(Beginning of Exercise data)

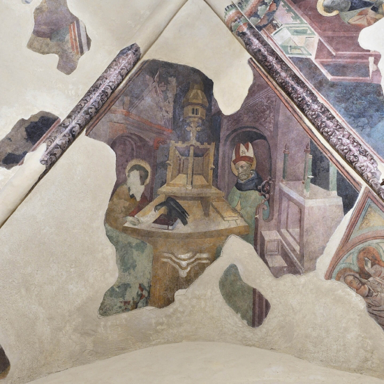 The St. Monica Oratory shows a quadrangular shape with a sail cover; it was decorated around 1430 with a cycle of frescoes that, to allow the rehabilitation of the wall structures, were torn from the walls twenty years ago. They were relocated and restored only in 1995.
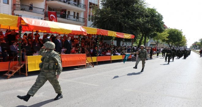Tören, Atatürk Anıtı!na çelenklerin sunulmasının ardından Vali Özdemirin makamında tebrikleri kabul etmesi ve askeri birliklerin geçit töreni ile son buldu.
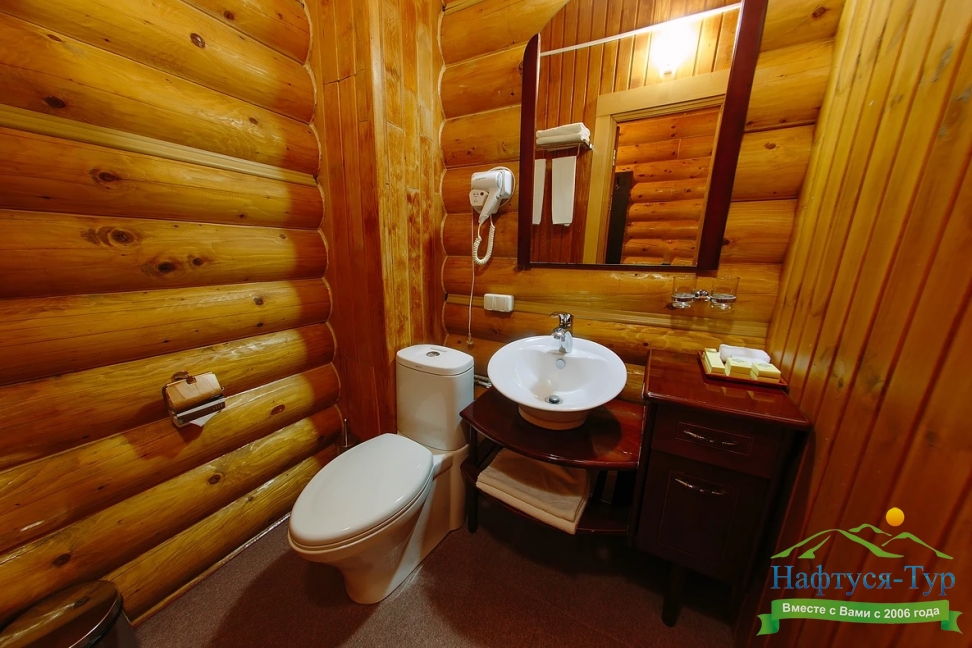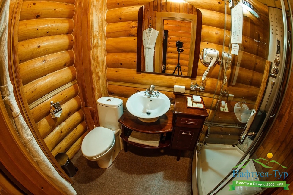 с душевой кабиной, тапочки, туалетные принадлежности, фен, халат
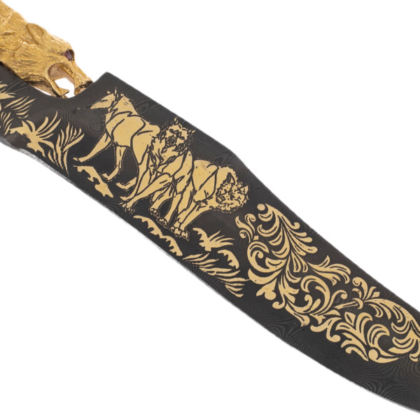 Клинок, выкованный из дамасской стали, раскрывает перед глазами бесконечное многообразие узоров, напоминающих вихри ветра и следы хищника на снегу. Позолоченные мотивы на чёрном фоне переливаются, словно солнечный свет на сумрачной поляне. Гравировка, изображающая волков, словно оживает на поверхности, подчёркивая решимость и грацию этих животных. Каждая линия пронизана величием, которое вдохновляет и завораживает.

(End of Exercise data)

**Brief:** Beginning with the line that contains "Tören, Atatürk Anıtı!na" and ending with the last line of the data, transcribe each line exactly; pictures stay out.

**Output below:**
Tören, Atatürk Anıtı!na çelenklerin sunulmasının ardından Vali Özdemirin makamında tebrikleri kabul etmesi ve askeri birliklerin geçit töreni ile son buldu.
 с душевой кабиной, тапочки, туалетные принадлежности, фен, халат
 Клинок, выкованный из дамасской стали, раскрывает перед глазами бесконечное многообразие узоров, напоминающих вихри ветра и следы хищника на снегу. Позолоченные мотивы на чёрном фоне переливаются, словно солнечный свет на сумрачной поляне. Гравировка, изображающая волков, словно оживает на поверхности, подчёркивая решимость и грацию этих животных. Каждая линия пронизана величием, которое вдохновляет и завораживает.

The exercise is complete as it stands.